The partial 28S rDNA of Falcaustra sp. was successfully sequenced for 596 bp (accession no. LC605539–LC605541). The BLAST search showed the highest similarity (98%) with a sequence of Megalobatrachonema terdentatum (Linstow, 1890) (Nematoda: Kathlaniidae) (MN444706, Chen et al., 2020). The haplotype of larval Falcaustra sp. differed from those of adult Falcaustra sp. by 0.2–0.3% (p-distance). Two haplotypes of adult Falcaustra sp. differed by 0.2% (p-distance).
Discussion
The parasite fauna of Andrias populations in Kyoto Prefecture consisted of Liolope copulans, Spiroxys hanzaki, Amphibiocapillaria tritonispunctati and Falcaustra sp. Liolope copulans and Falcaustra sp. were found in specimens at all of the study sites and were the most abundant species in helminth fauna of Andrias species in Kyoto Prefecture. No parasite species documented by Yamaguti (1936, 1939, 1941) were found in this study.
Molecular data from the S. hanzaki confirmed the species-level identification of the specimens based on morphology. Molecular studies for Am. tritonispunctati and Falcaustra sp. also supported the subfamily-level identifications based on morphology. Genetic differentiation between the haplotype of larval Falcaustra sp. and those of adults were similar to genetic differentiation between those of two adult nematodes; therefore, we concluded that larval Falcaustra specimens were the same species as adult Falcaustra specimens.

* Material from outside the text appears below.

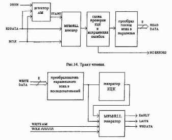 Микроконтроллер имеет четыре порта, с помощью которых он подключается к HOST, локальному микропроцессору, RAM буферу и каналу обмена данными с НЖМД. Микроконтроллер представляет собой конечный автомат управляемый со стороны локального микропроцессора, со стороны HOST доступны только стандартные регистры файла задания. Программирование однокристального микроконтроллера производиться на этапе инициализации со стороны локального микропроцессора, при этом происходит настройка на один из трех методов кодирования MFM, RLL или NRZ, выбирается режим CRC или ЕСС [3], устанавливается режим гибкого или жесткого разбиения на сектора (гибкий режим используется в НЖМД IDE AT с зонно-секционной записью, см. ниже). Локальный микропроцессор управляет менеджером буфера, контроллером НЖМД и режимом работы контроллера интерфейса (некоторые микроконтроллеры могут работать в режиме AT или XT). Как правило, локальный микропроцессор находиться в состоянии ожидания пока не активизирован запрос микроконтроллера MCINT (MICROCONTROLLER INTERUPT). В режиме AT, MCINT устанавливается, когда HOST производит запись в командный регистр 1F7H . Менеджер буфера управляет буферным ОЗУ, емкость которого колеблется от 8 Кбит до 256 Кбит и зависит от конкретного используемого микроконтроллера. Менеджер буфера разбивает все буферное ОЗУ на отдельные секторные буферы. Специальные регистры, доступные со стороны локального микропроцессора, содержат начальные адреса этих секторных буферов. Когда HOST осуществляет обмен данными с одним из секторных буферов посредством FIFO, со стороны контроллера НЖМД возможен обмен данными с другим секторным буфером. Контроллер управления НЖМД предназначен для обмена данными между каналом чтения/преобразования данных, каналом записи НЖМД и совместно с менеджером буфера - буферным ОЗУ, дополнительно контроллер управления НЖМД осуществляет форматирование дорожки, поэтому в справочной документации можно встретить название форматер и дисковый интерфейс (FORMATTER & DISK INTERFACE). На рис.5 представлены тракт чтения контроллера управления НЖМД и тракт записи. При выполнении чтения, с сепаратора данных, приходит управляющий сигнал DRUN (при нахождении поля синхронизации). По этому сигналу детектор адресного маркера, во входном потоке данных пытается обнаружить AM и если он обнаружен, то подается сигнал START на декодер, который начинает преобразование входных данных в двоичный последовательный код. Схема проверки КЦК и исправления ошибок обнаруживает и если возможно корректирует ошибки, по результату проверки формируется сигнал NO ERRORS. После этого последовательные данные преобразуются в параллельные. При выполнении записи байт данных преобразуется в последовательный код и поступает в схему генератора RLL, который с частотой WCLK вырабатывает данные записи WRDATA. В зависимости от комбинации битов данных формируются сигналы коррекции EARLY и LATE, используемые схемой предкомпенсации. Схема генератора КЦК подсчитывает контрольно-циклический код входного потока последовательных данных. Сформированные байты КЦК добавляются к записываемым данным. По сигналу WRITE AM генератор RLL формирует байт адресного маркера (сформированного с нарушением правил кодирования).

Spiroxys hanzaki and Am. tritonispunctati are considered native parasites in Japan, because S. hanzaki have been only reported parasitizing A. japonicus in Japan (e.g., Hasegawa et al., 2002). Amphibiocapillaria tritonispunctati is widely distributed over Holarctic region (Moravec, 1986); however, this species has been recorded from multiple different species of Caudata in Japan for many years (Uchida et al., 2019). These facts permit us to regard them as helminths not derived from other countries. Therefore, it was concluded that introduced A. davidianus could act as spillback reservoirs for native parasites in Kyoto Prefecture. It suggests that “enemy release” could not be found in introduced A. davidianus in Kyoto Prefecture, unlike the case demonstrated in Torchin et al. (2003). It is unclear whether such spillback affects the host-parasite relationship between the native populations of A. japonicus and parasites.
This study is the first record of Falcaustra sp. found in Andrias spp. in Japan. The genus Falcaustra is a cosmopolitan group, and some introduced species of this genus have been reported in Japan (Hasegawa et al., 2006; Oi et al., 2012). Falcaustra sp. morphologically differs from both native and introduced congeneric species reported to parasitize amphibians and reptiles in Japan. Three congeneric species, F. andrias (He, Liu & Ma, 1992), F. fopingensis (He, Liu & Ma, 1992) and F. chengguensis (He, Liu & Ma, 1992), have been once recovered from Chinese Andrias species in China (He et al., 1992). However, these species cannot be compared with Falcaustra sp. due to insufficient morphological study and lacking molecular study. Further taxonomic study is necessary to identify Falcaustra species parasitic in Andrias spp. at species-level.
Acknowledgments
We thank Ms. M. Yoshimura (KUHE) for helping dissection of the animals. We thank everyone who participated in the survey of the salamanders around the Kamo River for securing the hybrid salamander used in this study. The procedure in this study followed the guideline of animal experiments in Kyoto University (approval no. 29-A-7). The present study was conducted under the permits issued by the Japan Agency of Cultural Affairs to K. Nishikawa for research in Kyoto City (No. 420) and in Kyoto Prefecture (No. 710).